**TO DO:** A word-for-word retyping of the listing below is required, with the pictures dropped.

**RECORDED INFORMATION:**
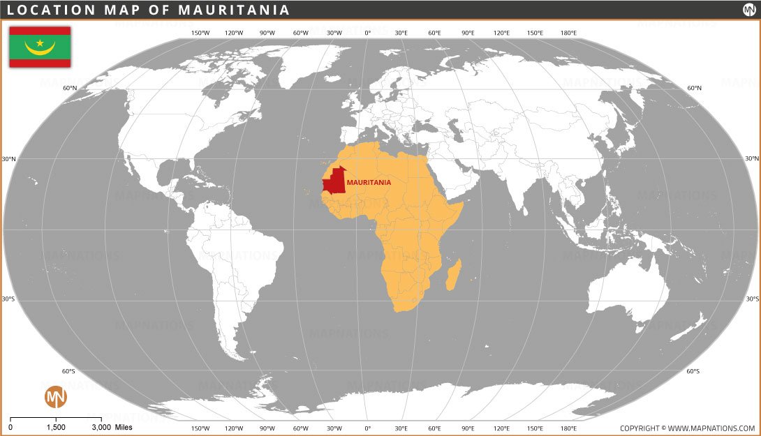 This location map of Mauritania clearly illustrates the country’s position in northwest Africa within a global perspective. Mauritania is highlighted against the African continent, helping viewers understand its geographic relationship to Europe, the Middle East, and the Atlantic Ocean. The map is ideal for educational materials, atlases, and presentations, offering a simple yet effective way to identify Mauritania’s placement on the world map. It supports geographic learning, spatial awareness, and international reference needs.
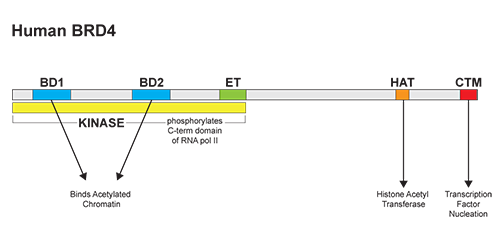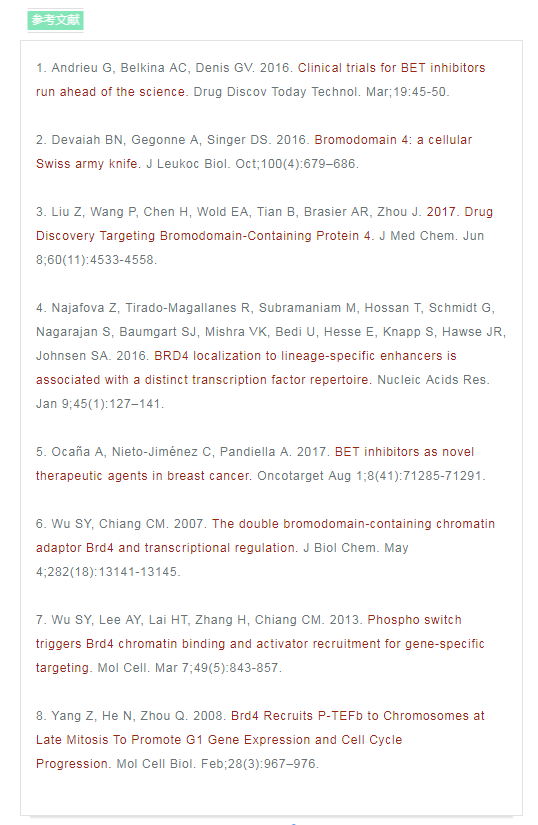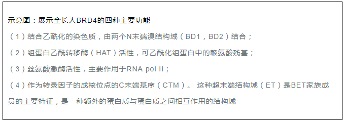 溴結構域蛋白的BET家族的主要特征是它們都存在兩個溴結構域和一種超末端(ET)結構域2,6。其中,BRD4是研究較深入的。 BRD4具有四個主要的分子功能:(i)可以通過結合乙?;M蛋白維持染色質(zhì)結構,這種活性是由它的N-末端結構域中的位點調(diào)控的; (ii)可以通過其HAT催化結構域發(fā)揮組蛋白乙酰轉移酶(HAT)活性2,6; (iii)絲氨酸激酶活性,主要作用于RNA pol II;(iv)C端結構域,可以發(fā)揮轉錄因子和復合物的結合和成核位點。研究發(fā)現(xiàn),BRD4常出現(xiàn)在幾種轉錄復合物,包括常見的輔因子調(diào)控子和P-TEFb 延伸因子6。 其C端結構域也可以調(diào)控BRD4與許多眾所周知的轉錄調(diào)節(jié)因子之間的相互作用,顯著的有:P-TEFb,MYC,NFκb 以及p532,4,6-8等。
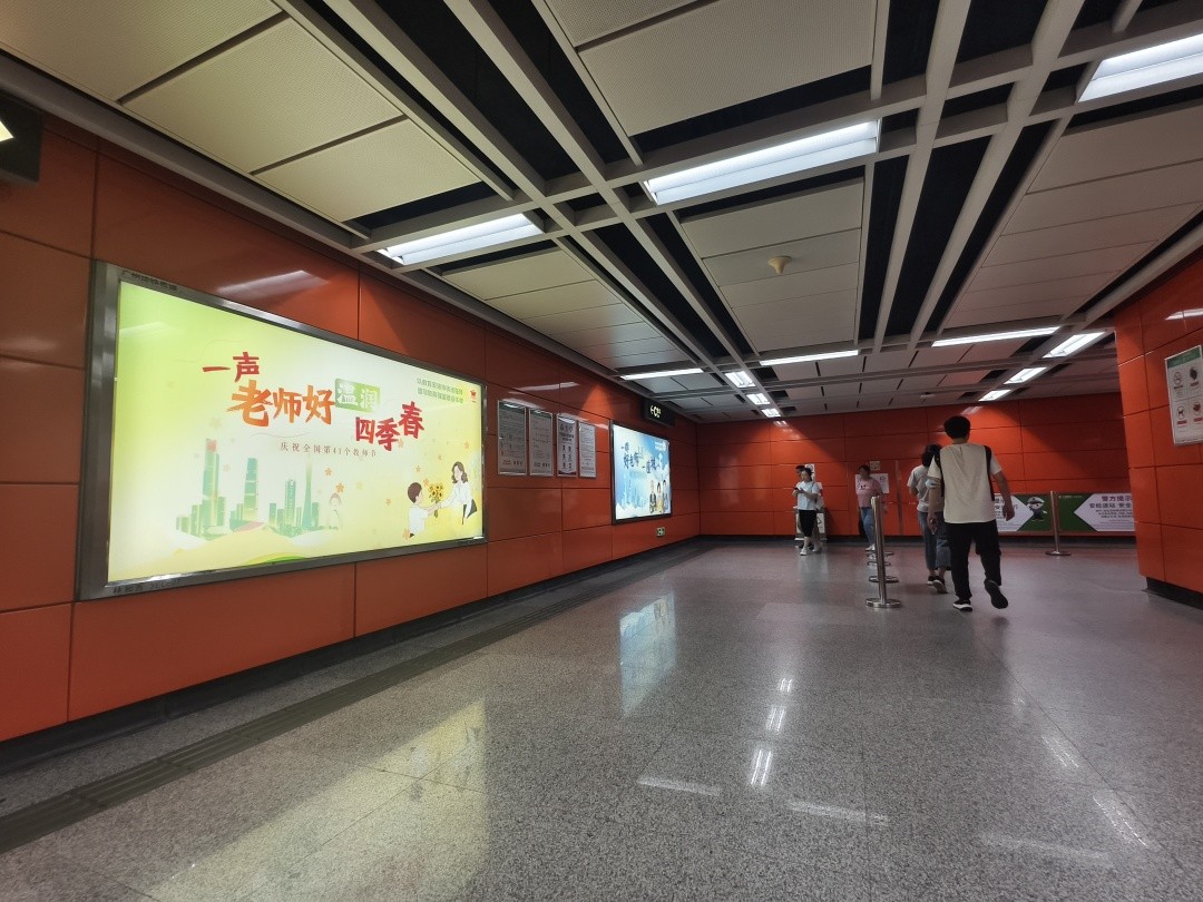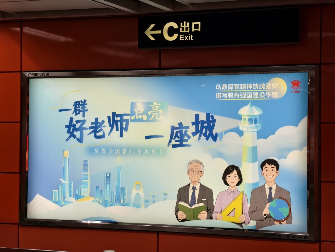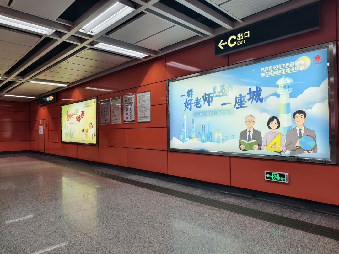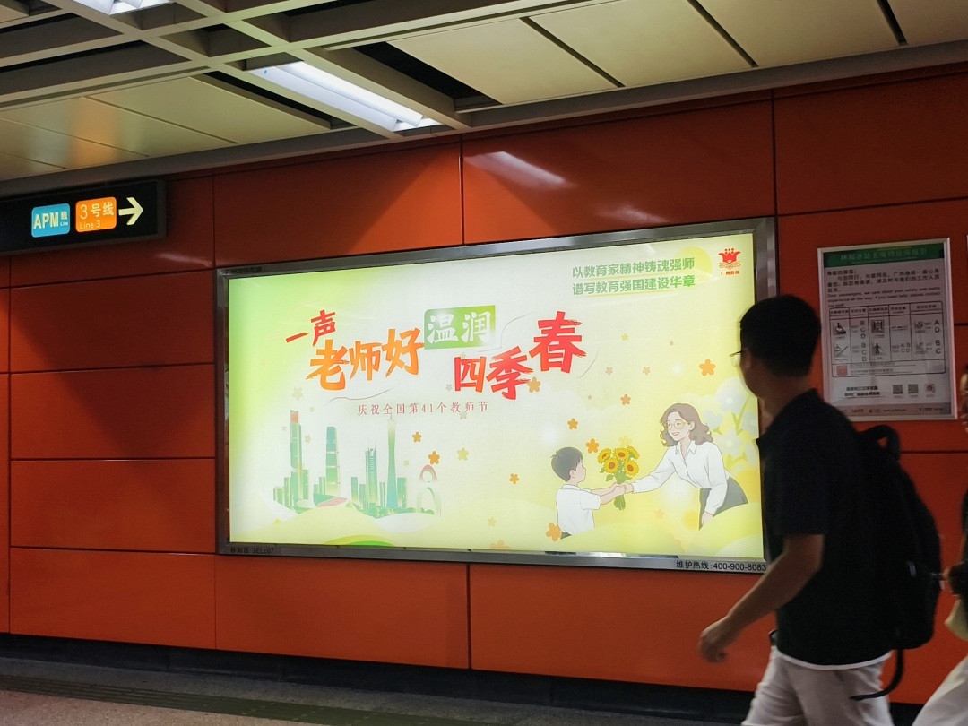 9月10日,广州地铁北京路、江南西、海珠广场、华师、广州火车站、西村、小北等多个站的站厅、站台推出教师节祝福公益海报。

**ANSWER TO THIS TASK:**
 This location map of Mauritania clearly illustrates the country’s position in northwest Africa within a global perspective. Mauritania is highlighted against the African continent, helping viewers understand its geographic relationship to Europe, the Middle East, and the Atlantic Ocean. The map is ideal for educational materials, atlases, and presentations, offering a simple yet effective way to identify Mauritania’s placement on the world map. It supports geographic learning, spatial awareness, and international reference needs.
 溴結構域蛋白的BET家族的主要特征是它們都存在兩個溴結構域和一種超末端(ET)結構域2,6。其中,BRD4是研究較深入的。 BRD4具有四個主要的分子功能:(i)可以通過結合乙?;M蛋白維持染色質(zhì)結構,這種活性是由它的N-末端結構域中的位點調(diào)控的; (ii)可以通過其HAT催化結構域發(fā)揮組蛋白乙酰轉移酶(HAT)活性2,6; (iii)絲氨酸激酶活性,主要作用于RNA pol II;(iv)C端結構域,可以發(fā)揮轉錄因子和復合物的結合和成核位點。研究發(fā)現(xiàn),BRD4常出現(xiàn)在幾種轉錄復合物,包括常見的輔因子調(diào)控子和P-TEFb 延伸因子6。 其C端結構域也可以調(diào)控BRD4與許多眾所周知的轉錄調(diào)節(jié)因子之間的相互作用,顯著的有:P-TEFb,MYC,NFκb 以及p532,4,6-8等。
 9月10日,广州地铁北京路、江南西、海珠广场、华师、广州火车站、西村、小北等多个站的站厅、站台推出教师节祝福公益海报。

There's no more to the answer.